Suit une liste de définitions de Dieu avec en vrac parmi des dizaines d’autres, celle de Bossuet : « Dieu se rit des hommes qui déplorent les effets dont ils chérissent les causes. » Et aussi d’Epicure (non de Dieu mais des Dieux) : «Incorruptibles : ils ne craignent ni le temps, ni les blessures, ni les maladies, ni la mort.

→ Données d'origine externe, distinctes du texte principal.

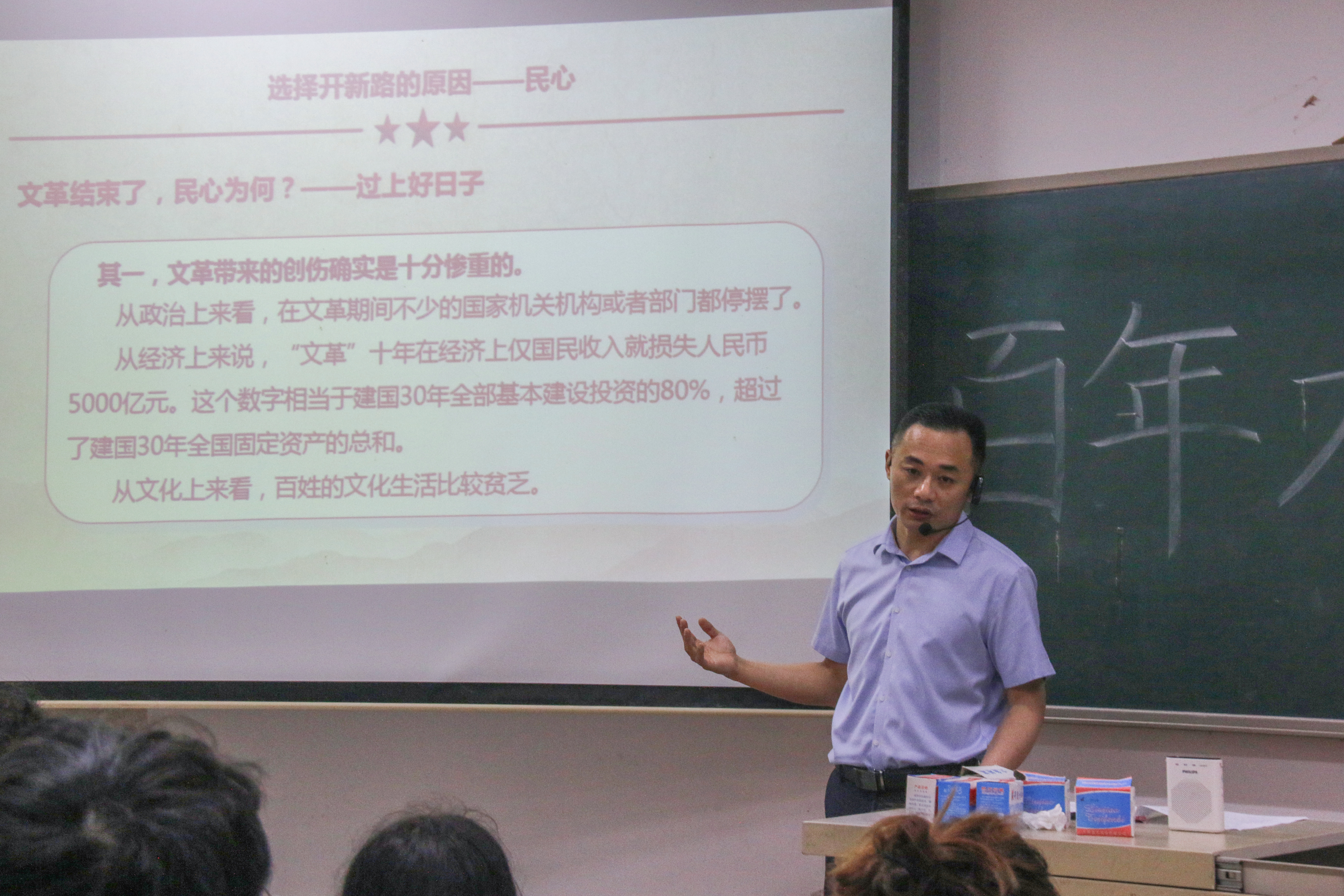 计科公司党总支书记唐帅老师以“百年大党,风华正茂-党的十一届三中全会”为题给2017级毕业生党员上了最后一堂党课。他先从党史发展的四个阶段开篇,让同学们更深入地了解党的光辉历程。随后,唐老师重点讲解了十一届三中全会的主要内容、历史地位等,在讲解时不仅引经据典,还结合时事和亲身感受引导同学们将党史知识更好地入脑入心。最后,他勉励同学们要坚定理想信念,将专业学习和家国情怀结合,更好地担当时代使命。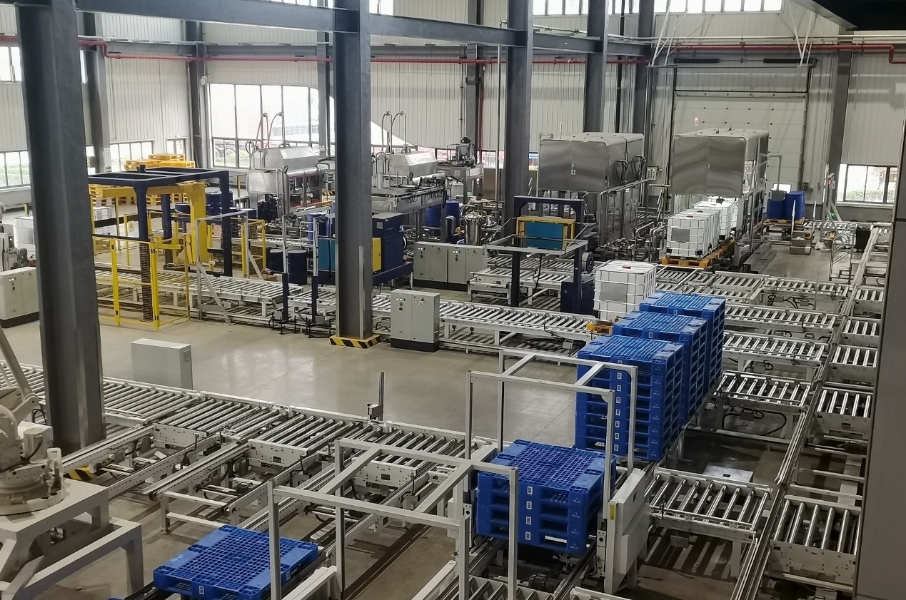 8月7日,走進江山股份水劑智造車間,碼垛機器人精準抓取產(chǎn)品的場景映入眼簾。四條自動化包裝線正高速運轉(zhuǎn),輸送帶載著一箱箱封裝好的產(chǎn)品平穩(wěn)前行,經(jīng)升降機精準輸送至26米高的智能立體倉庫,12層貨架、2萬多個貨位在智能調(diào)度系統(tǒng)指揮下實現(xiàn)精準存取。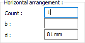 Horizontal arrangement ![]() Horizontal arrangement settings (number of horizontal bolt columns, distance values ..) of beam bolts are entered. The values to be entered are shown in the schematic drawing. |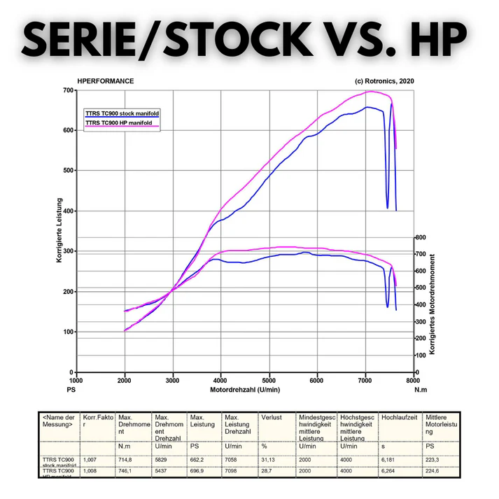 Selbst bei einem Level 3 mit TC870XT, oder TC900XT und ähnlichen Turboladern, die über 2 bar produzieren, ergibt sich bei 660 PS allein durch den Austausch des Ansaugstutzens bereits eine Steigerung von 30 PS.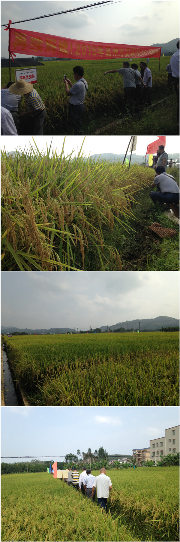 2015年10月31日,湖南亞華種子有限公司代理商之一的鄭信權(quán),組織高州各個(gè)鄉(xiāng)鎮(zhèn)核心零售商,來到了位于廣東高州東岸鎮(zhèn)的百畝連片深兩優(yōu)5814示范片現(xiàn)場觀摩,查看“彩虹”過后的大田表現(xiàn)。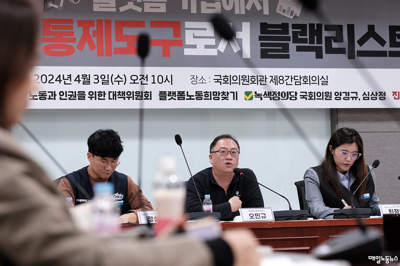 오민규 플랫폼노동희망찾기 집행책임자는 “고객과 언쟁하면 ‘락(접근금지)’을 걸어버리는 대리운전 플랫폼, 배정된 콜을 취소하면 계정을 정지하는 음식배달 플랫폼도 자체적인 블랙리스트를 운영해 왔다”고 설명했다.
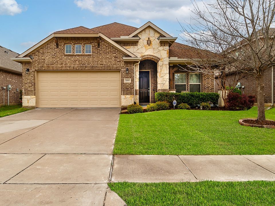 Nestled within Little Elm ISD, this warm family home exudes warmth and delight. Step into the inviting formal dining room adorned with exquisite wooden floors, complemented by trey ceilings accented with crown molding, providing ample space for hosting guests and family gatherings. The kitchen boasts beautiful wood floors, granite countertops, an under-mounted sink, and sleek dark appliances, all enhanced by ample storage space. A spacious island with seating for 3-4 people seamlessly connects the kitchen to the living room, creating an open atmosphere. Retreat to the cozy master bedroom flooded with natural light from the backyard. The master bathroom features a double vanity, a large garden tub, and a walk-in shower. Outside, the meticulously manicured front yard welcomes you home, while the backyard oasis includes a covered patio, offering plenty of space for family activities, pets, or the potential addition of a pool. Plus, don't miss the generously sized laundry room.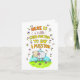 El fondo de esta tarjeta es blanco. De arriba hacia abajo está escrito "Acá hay una pequeña carta para que digas que te extraño". Las letras son dibujadas a mano, amarillas y naranjas. Las palabras están enmarcadas con pequeñas flores rosadas y violetas. Debajo de ellos está el dibujo de una linda oveja, dibujada al estilo personalizado. Tiene una flor rosa en la boca y sonríe al espectador. Está situado en un campo de hierba verde con flores rosadas. Detrás de la oveja, se ve un cielo azul

Ils n’ont aucune raison d’être malheureux. » celle du Coran, de Voltaire, Nietszche avec son fameux « Dieu est mort » dans Le Gai Savoir, ou la non moins fameuse signée Dostoïevski :« Si Dieu n’existe pas, tout est permis » dans Les Frères Karamazov. Et il avait ajouté « Ce n’est pas Dieu que je n’accepte pas, je n’accepte pas le monde qu’il a créé ». Mais aussi la définition de Jacques Lacan : « Dieu n’est rien d’autre que ce qui fait qu’à partir du langage, il ne saurait s’établir de rapport entre sexués. » Ou encore celles d’Arthur Rimbaud, Charles, Baudelaire, Mallarmé, Serge Gainsbourg… Et à la fin, Orphée seul dans un bois, voit onze cent onze oiseaux, un chiffre magique selon l’auteur. Comme «la limnote, la fuge, l’hypille, le ventisque, le lure, le figile, le lepandre, le ramble, l’entrève… »
Le spectacle, bien rodé, ne souffre d’aucune défaillance : rythme, son, lumière : tout ici participe de l’excellence et les images souvent encore une fois, de toute beauté, comme entre autres cette rampe de feu qui clôt le spectacle. Savoureuse mais sans doute la dernière que nous verrons, si les choses gazières ne s’arrangent pas… Alors autant en profiter. Le texte n’est pas une œuvre majeure de l’œuvre du meilleur poète et dramaturge que nous ayons en France mais Jean Bellorini a su en tirer les plus belles pépites. Et si vous ne le connaissez pas, ou pas bien, cela vaut le coup d’aller voir cette œuvre hors-normes. Un rendez-vous avec la beauté, les merveilles du langage novarinien et la musique de Monteverdi vous attend aux Gémeaux, si vous habitez Sceaux ou les environs. Ou si vous ne craignez pas les retours pas si fréquents en RER jusqu’à Paris (le spectacle finit à 22 h 45 et il y a dix minutes de marche depuis le théâtre).
Philippe du Vignal
Jusqu’au 20 mars, Les Gémeaux, Sceaux (Hauts-de-Seine) et du 24 au 26 mars, Le Quai, Angers (Maine-et-Loire).
Du 31 mars au 3 avril, Théâtre de la Criée, Marseille ( Bouches-du-Rhône).
Les 20 et 21 avril, Opéra de Massy ( Hauts-de Seine).
Les 10 et 11 mai, Scène Nationale de Bayonne ( Pyrénées-Atlantiques).
Le 15 juillet, festival de Châteauvallon (Var).